• Dataset section

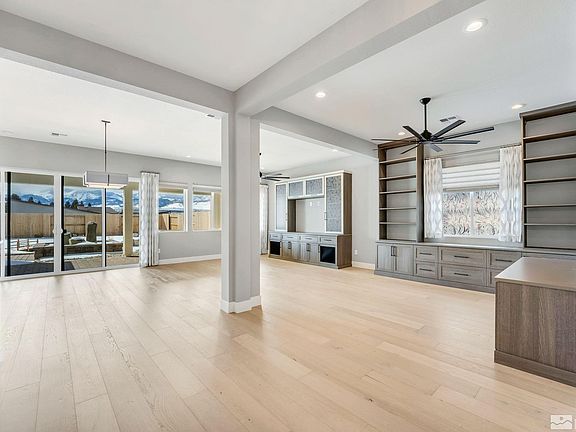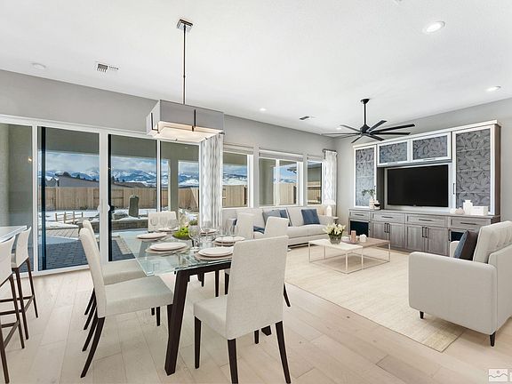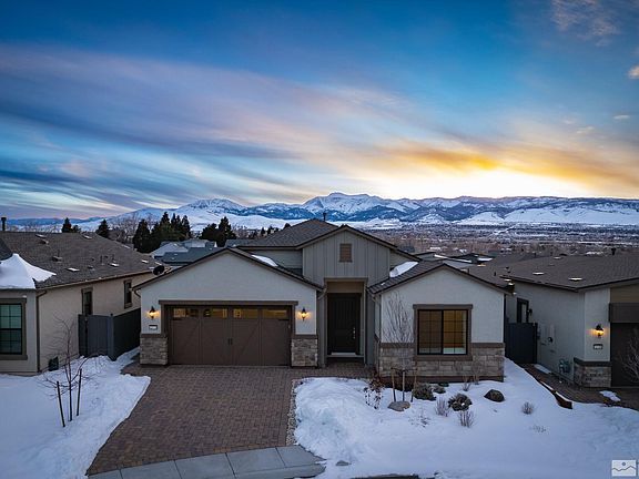 Welcome to your dream home in the beautiful 55+ gated community of Regency at Caramella Ranch. Breathtaking views of Mt. Rose and the Sierra Mountains can be enjoyed from nearly anywhere in this stunning home or from the comfort of your covered back patio, perfect for entertaining or simply relaxing. Inviting open floorplan of 1673sf with 2 bedrooms + office features gorgeous wood flooring & upgrades throughout. This home is truly one of a kind and ready for you to call it your own. Come see it today!, The stunning kitchen showcases white cabinetry, quartz countertops with glass tile backsplash, and black stainless steel appliances, creating a modern and sophisticated feel. The luxury primary suite is a true retreat, featuring a zero clearance shower with glass door and built-in closet organizer. More upgrades throughout the home include ceiling fans, motorized blinds, and epoxy finished garage floor ensuring maximum comfort and convenience. In addition to these fabulous features, this home is equipped with a whole house spring water system and whole house humidifier, for a comfortable year-round living environment. The low maintenance landscaping, complete with a serene water feature, adds to the peaceful ambiance of this property. Community amenities include the most incredible resort-style clubhouse with indoor & outdoor pools, fitness center, pickle ball, bocce ball, on-going events & activities, & more! Best of all, you can start living this amazing lifestyle today! Why wait? **Back on market subject to successful cancellation of existing escrow due to buyer's failure to perform**
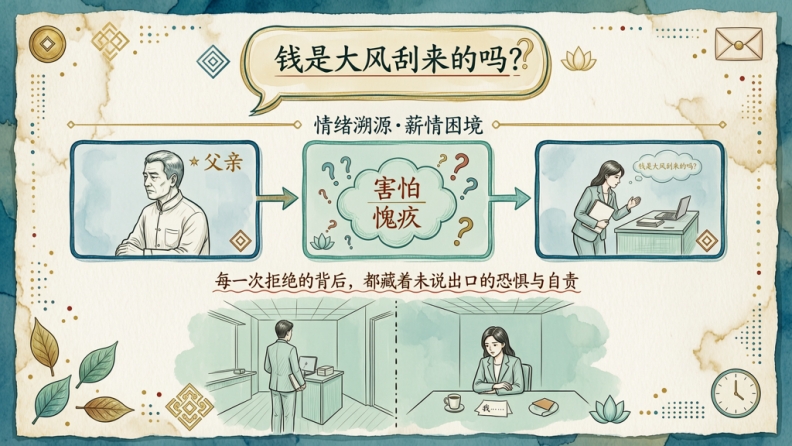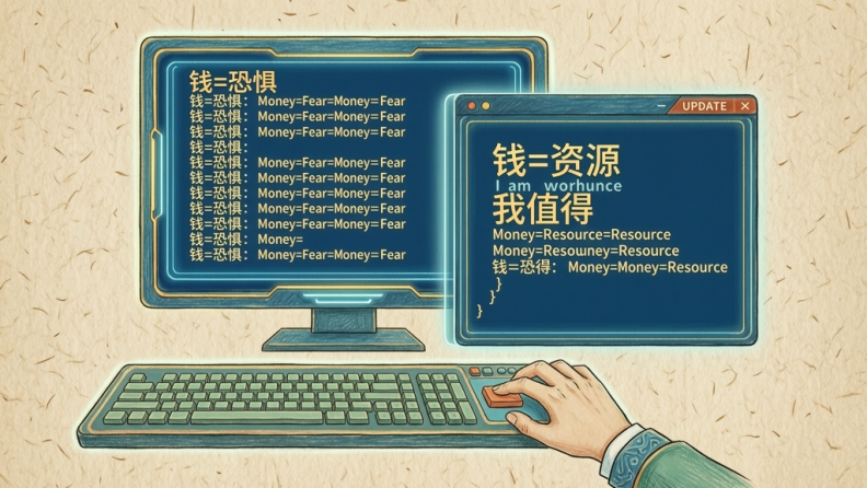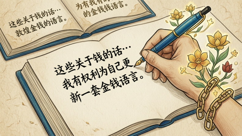 我们这一代要做的,不是简单地否定他们,而是接过这一套“旧版本的金钱代码”,看一眼,然后做一个新的选择:哪些部分,我已经长大到可以更新了?哪些话,我可以礼貌地放回给上一代,而不再让它支配我的一生?要做到这点,第一步就是:把那些“已经混在内心里的声音”从你的自我感觉中分离出来——知道:“哦,这句话不是‘我的真心’,它只是我小时候听多了的一句金钱咒语。”当你能这样看,你和钱之间就不再是“命中注定的模式”,而是可以被重新书写的关系。
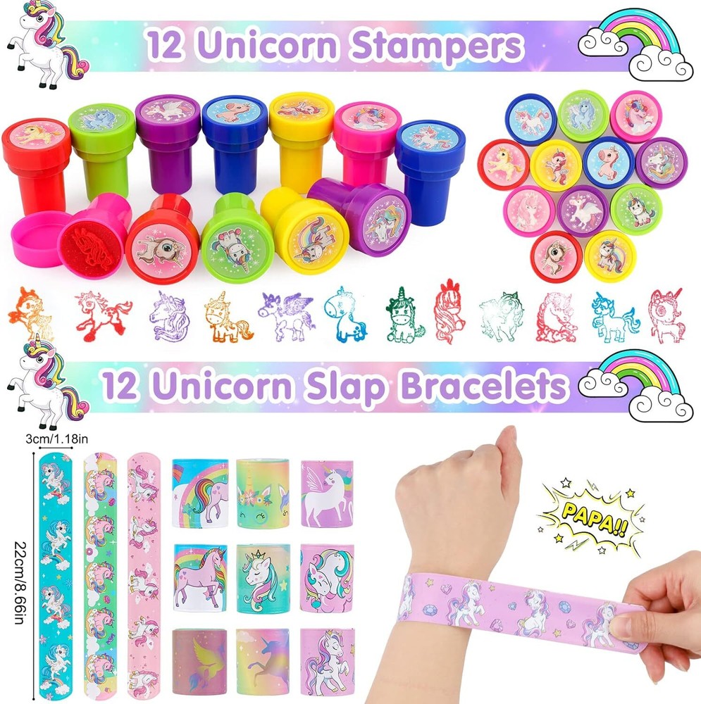 Free eBay listing template designed by dewiso.com Unicorn Party Favors for Boys and Girls, 134 Pcs Unicorn Birthday Party Supplies Unicorn Gifts Pinata for Birthday Girls Age 3-5, 6-8, Unicorn Party Favors Bags Treat Bags for Graduation, Birthday FREE AND FAST SHIPPING! About this item 8 STYLE UNICORN FAVORS FOR 12 KIDS - 134Pcs unicorn party bags fillers Includes 12 unicorn party favor goody bags, 12 unicorn slap bracel*ts, 12 rainbow scratch paper, 12 unicorn keychains, 12 unicorn riings, 12 unicorn stampers, 12 unicorn squishy toys, 50 unicorn stickers. SAFE PARTY SUPPLIES FOR KIDS - Our unicorn party favor gifts for boys girls are safe, non-toxic, round edges, so there is no need to worry about been scratched, kids can play with confidence. ALL IN ONE UNICORN PARTY FAVORS - You can put all the items into the goodie bag seperately and offer a speical take-home gift for little ones. This party pack also saves you the trouble of going to number of stores to collect these items. Ideal goodie bag fillers for unicorn themed party. MAKE AN IMPRESSIVE UNICORN BIRTHDAY PARTY - Our unicorn party favor pack is designed from bright colors and variety of cute unicorn style cartoon images, will definetly add more fun to your unicorn birthday party! IDEAL UNICORN GIFT FOR GIRLS KIDS - Perfect for unicorn themed party favors, unicorn party supplies, unicorn valentines day party favors, Easter egg fillers, classroom exchange party favors, pinata fillers, Birthday party favors, game Prizes and goodie bags stuffers. Product We offer a 30-Day Return Policy on items which you are not completely satisfied with. You have the option for a full-refund or an exchange of the item. No returns are available on items shipped outside of the US . Shipping We offer Free Shipping to the US and ship within 2 business days of payment, usually sooner. We use UPS express shipping. That's why your products are usually delivered within 3 days . Contact We try our very best to make sure every customer is completely satisfied. If there's a problem , message us! We're happy to help. 24/7 live chat available.

• Work request
Set out the material once more, exact in every line, with no images.

• Output of the exercise
 Welcome to your dream home in the beautiful 55+ gated community of Regency at Caramella Ranch. Breathtaking views of Mt. Rose and the Sierra Mountains can be enjoyed from nearly anywhere in this stunning home or from the comfort of your covered back patio, perfect for entertaining or simply relaxing. Inviting open floorplan of 1673sf with 2 bedrooms + office features gorgeous wood flooring & upgrades throughout. This home is truly one of a kind and ready for you to call it your own. Come see it today!, The stunning kitchen showcases white cabinetry, quartz countertops with glass tile backsplash, and black stainless steel appliances, creating a modern and sophisticated feel. The luxury primary suite is a true retreat, featuring a zero clearance shower with glass door and built-in closet organizer. More upgrades throughout the home include ceiling fans, motorized blinds, and epoxy finished garage floor ensuring maximum comfort and convenience. In addition to these fabulous features, this home is equipped with a whole house spring water system and whole house humidifier, for a comfortable year-round living environment. The low maintenance landscaping, complete with a serene water feature, adds to the peaceful ambiance of this property. Community amenities include the most incredible resort-style clubhouse with indoor & outdoor pools, fitness center, pickle ball, bocce ball, on-going events & activities, & more! Best of all, you can start living this amazing lifestyle today! Why wait? **Back on market subject to successful cancellation of existing escrow due to buyer's failure to perform**
 我们这一代要做的,不是简单地否定他们,而是接过这一套“旧版本的金钱代码”,看一眼,然后做一个新的选择:哪些部分,我已经长大到可以更新了?哪些话,我可以礼貌地放回给上一代,而不再让它支配我的一生?要做到这点,第一步就是:把那些“已经混在内心里的声音”从你的自我感觉中分离出来——知道:“哦,这句话不是‘我的真心’,它只是我小时候听多了的一句金钱咒语。”当你能这样看,你和钱之间就不再是“命中注定的模式”,而是可以被重新书写的关系。
 Free eBay listing template designed by dewiso.com Unicorn Party Favors for Boys and Girls, 134 Pcs Unicorn Birthday Party Supplies Unicorn Gifts Pinata for Birthday Girls Age 3-5, 6-8, Unicorn Party Favors Bags Treat Bags for Graduation, Birthday FREE AND FAST SHIPPING! About this item 8 STYLE UNICORN FAVORS FOR 12 KIDS - 134Pcs unicorn party bags fillers Includes 12 unicorn party favor goody bags, 12 unicorn slap bracel*ts, 12 rainbow scratch paper, 12 unicorn keychains, 12 unicorn riings, 12 unicorn stampers, 12 unicorn squishy toys, 50 unicorn stickers. SAFE PARTY SUPPLIES FOR KIDS - Our unicorn party favor gifts for boys girls are safe, non-toxic, round edges, so there is no need to worry about been scratched, kids can play with confidence. ALL IN ONE UNICORN PARTY FAVORS - You can put all the items into the goodie bag seperately and offer a speical take-home gift for little ones. This party pack also saves you the trouble of going to number of stores to collect these items. Ideal goodie bag fillers for unicorn themed party. MAKE AN IMPRESSIVE UNICORN BIRTHDAY PARTY - Our unicorn party favor pack is designed from bright colors and variety of cute unicorn style cartoon images, will definetly add more fun to your unicorn birthday party! IDEAL UNICORN GIFT FOR GIRLS KIDS - Perfect for unicorn themed party favors, unicorn party supplies, unicorn valentines day party favors, Easter egg fillers, classroom exchange party favors, pinata fillers, Birthday party favors, game Prizes and goodie bags stuffers. Product We offer a 30-Day Return Policy on items which you are not completely satisfied with. You have the option for a full-refund or an exchange of the item. No returns are available on items shipped outside of the US . Shipping We offer Free Shipping to the US and ship within 2 business days of payment, usually sooner. We use UPS express shipping. That's why your products are usually delivered within 3 days . Contact We try our very best to make sure every customer is completely satisfied. If there's a problem , message us! We're happy to help. 24/7 live chat available.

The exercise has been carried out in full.